Everyone at some point has or will go through the funeral process. I am going through it right now with my grandmother. Tonight was the receiving of friends, and I have never seen so many people all gathered for one person who isn't on television or in the public's eye. There were around 600 people estimated (my estimate, hehe) that came through the line.
Now before I go too far and sound harsh for everyone that came, let me explain- I only knew about 10 people (out of 600!!!). Each of the 600 that came deeply cared for Mama or my family, and I am incredibly thankful to each of them, but why does this night always become the night to sit and chat? I mean, we stood in line for 2 and a half hours. We are the ones who "lost" (i quote because as my uncle Sonny quoted someone- we are the ones lost, not them.) a family member, yet we must stand in a line and console others by the multitude? It doesnt make sense to be honest, there could be a much easier way to go through it.

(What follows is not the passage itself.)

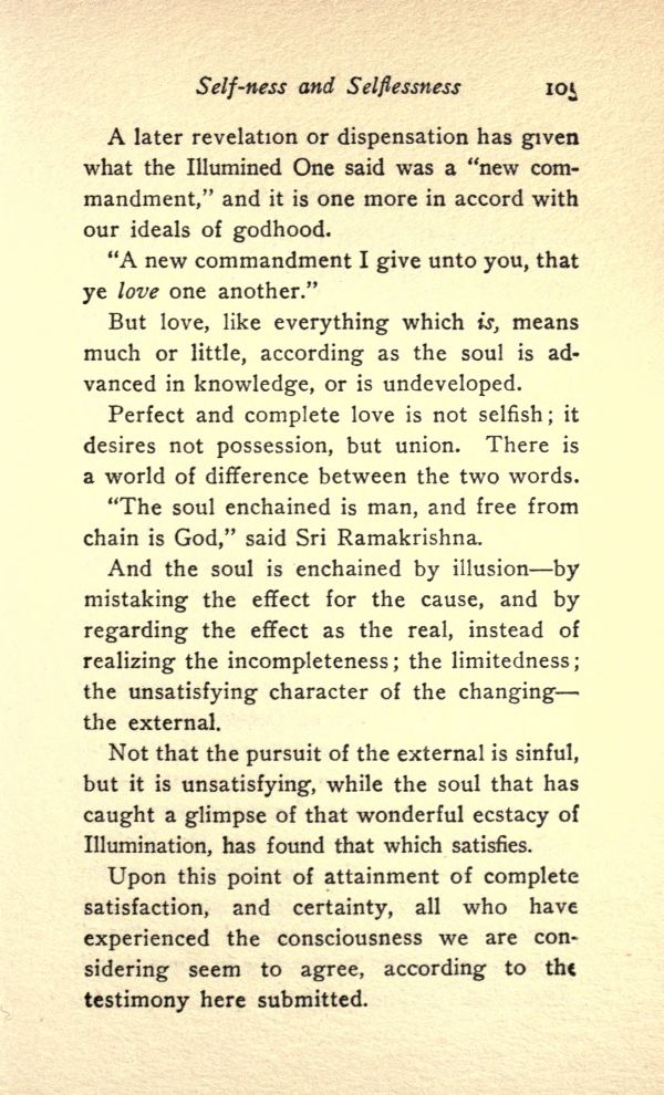 Not that the pursuit of the external is sinful, but it is unsatisfying, while the soul that has caught a glimpse of that wonderful ecstasy of Illumination, has found that which satisfies.

To be honest this de-sensitized me alot to this. because I just wanted to go home. I wanted to kick all people except for my family out and sit and cry as we all watch the memorial video or pictures of mama. But instead I had to smile and shake hands of people I don't know, won't meet again, and be polite about the whole thing.
Maybe I'm ranting, I'm definitely being a little selfish, and I apologize for that, but this is how I am having to deal with all of this.